Art and cultural critic Douglas Crimp, the Fanny Knapp Allen of Art History and a professor of visual and cultural studies, will deliver the first lecture of the Humanities Center’s public lecture series for the 2017–18 academic year.

Crimp will give his talk—“Relying on Memory: From AIDS to Merce Cunningham”—on September 26 at 5 p.m. in Conference Room D at the Humanities Center in Rush Rhees Library.

“Memory and Forgetting” is the theme of this year’s lecture series, which will bring an array of speakers, including Nobel Prize­–winning novelist Orhan Pamuk, contemporary artist Walid Ra’ad ’96 (PhD), neuroscientist Daniela Schiller, and Pulitzer Prize–winning historian Laurel Thatcher Ulrich, perhaps best known outside her field for penning the famous phrase “Well-behaved women seldom make history.”

Portrait of Douglas Crimp, sitting in front of a window, in a gray shirt,,
Douglas Crimp (photo by Alice O’Malley)

Crimp will read from and reflect on several of his books, including his newest book, Before Pictures, (University of Chicago Press, 2016). In it, he turns inward to deliver a historical snapshot of New York City from the late 1960s through much of the ’70s, based on his own memories of New York’s art world and gay life in the period.

Ambivalent about calling the book a memoir, Crimp says its true subject isn’t his own story, but the era in which he lived: “Its genesis is my AIDS writing and activism,” he says. Accordingly, he terms the text a hybrid, a kind of history rooted in memory.

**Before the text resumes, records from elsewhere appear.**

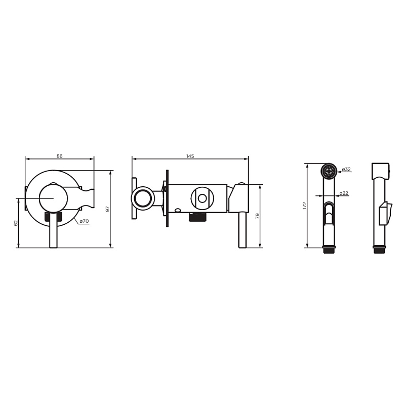 Встраиваемый гигиенический душ со смесителем Dorff Logic и шлангом 1500 мм. Встраиваемые смесители Logic немецкого бренда Dorff - функциональное решение для ванной комнаты. Размер (Ш/Г/В): 86x145x97 мм. Материал - латунь. Цвет - хром. 1 режим гигиенического душа - Spray.
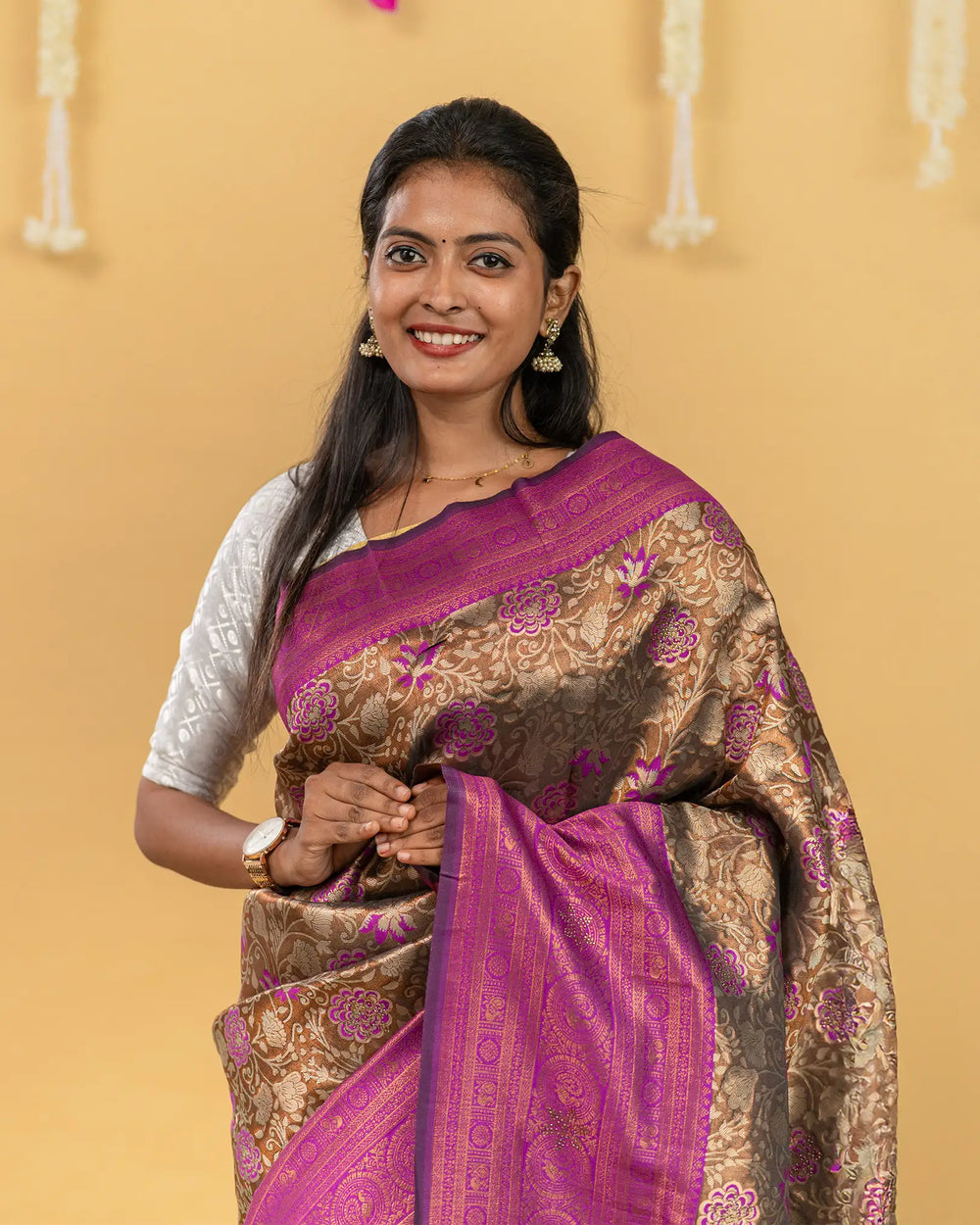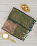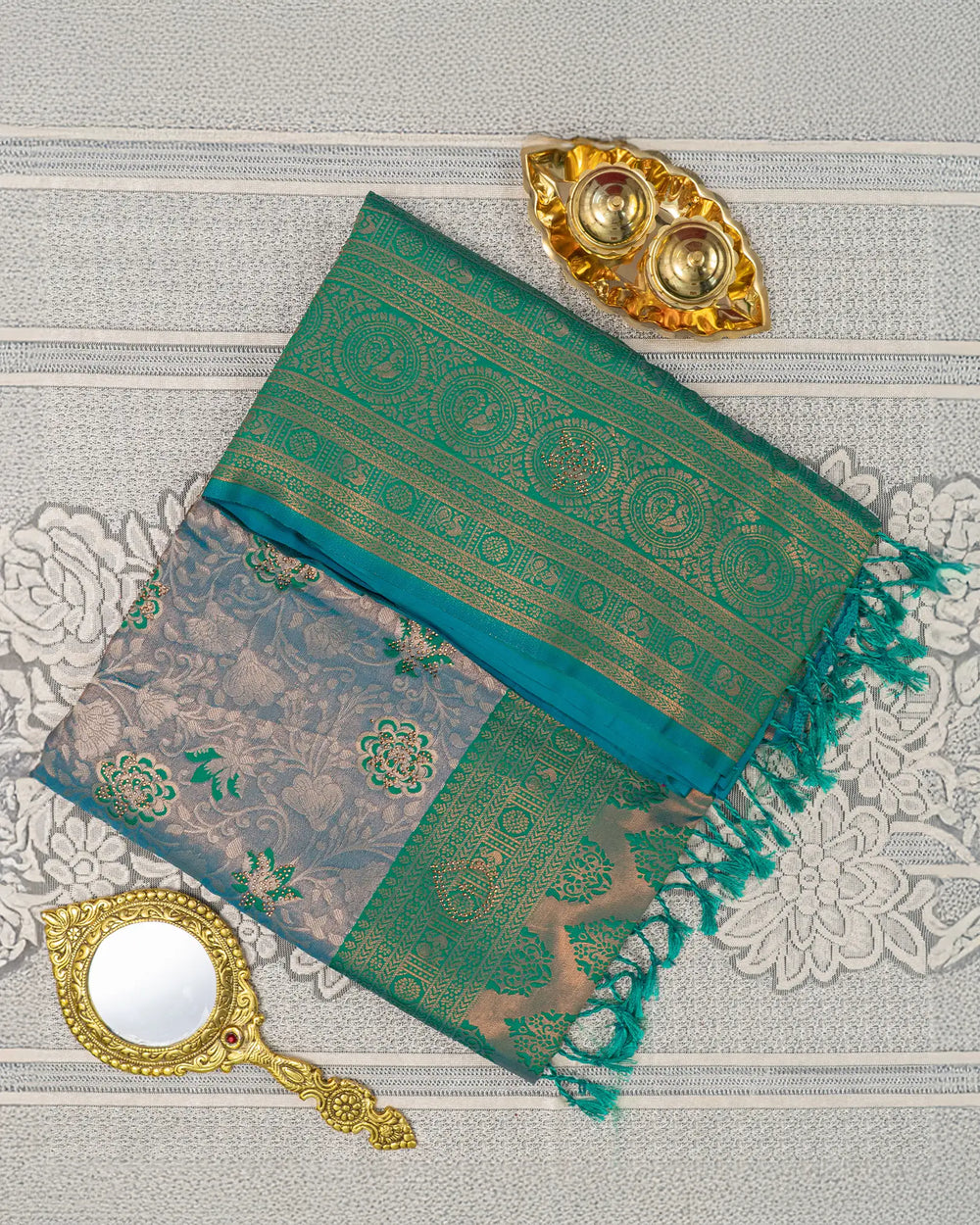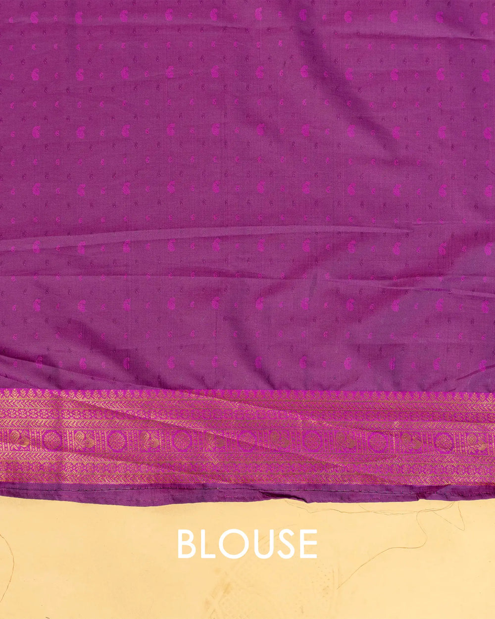 | Style | Elegant top-dyed saree highlighted with meena butta motifs and paired with a richly detailed embose blouse. |
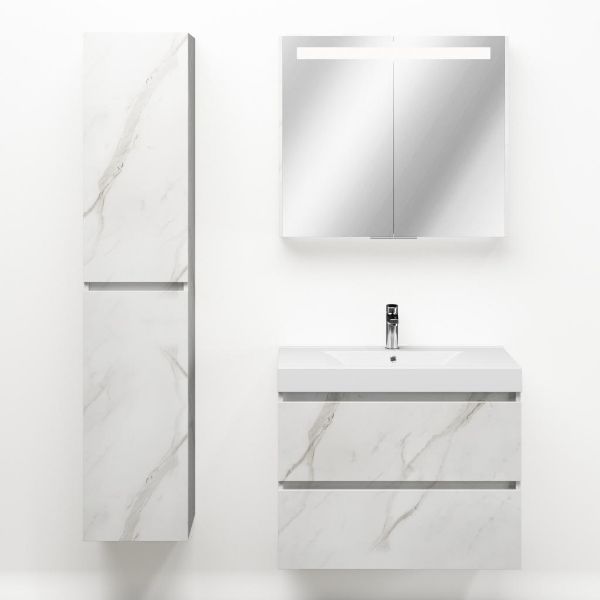 Greeploos badkamermeubel in de kleur marmer wit is 80 cm breed. De wastafel is vervaardig in polystone en heeft de kleur wit. Dit badkamermeubel met deze wastafel is leverbaar tussen de 60 cm t/m 200 cm

Crimp—whose other books include “Our Kind of Movie”: The Films of Andy Warhol (MIT Press, 2012) and Melancholia and Moralism: Essays on AIDS and Queer Politics (MIT Press, 2002)—uses memory-based writing in other works, too. A recent essay on choreographer Merce Cunningham, for instance, uses recollections about his own experiences with Cunningham’s art as its scaffolding. For that piece, memory is a “way to begin, to set up the more analytical aspects of the essay I want to write,” Crimp says.

But Before Pictures is different. There, recollections—both accurate and misremembered—serve a more fundamental purpose. The personal stake of a writer in a subject is essential, he argues, and academic prose often obscures it. He insists on his own “subjective position, my own partiality in both senses of the word. And I find that a useful corrective to the sort of performance of objectivity that’s in most academic writing,” he says.

Crimp is quick to note that he works as a critic, not a historian, and so is freed from the methodological requirements particular to that discipline. “But at the same time, [in Before Pictures] I think I’ve written a kind of history of New York City in a particular period that enriches our sense of what New York was, and not in spite of but because of the fact that it uses that partiality,” he says.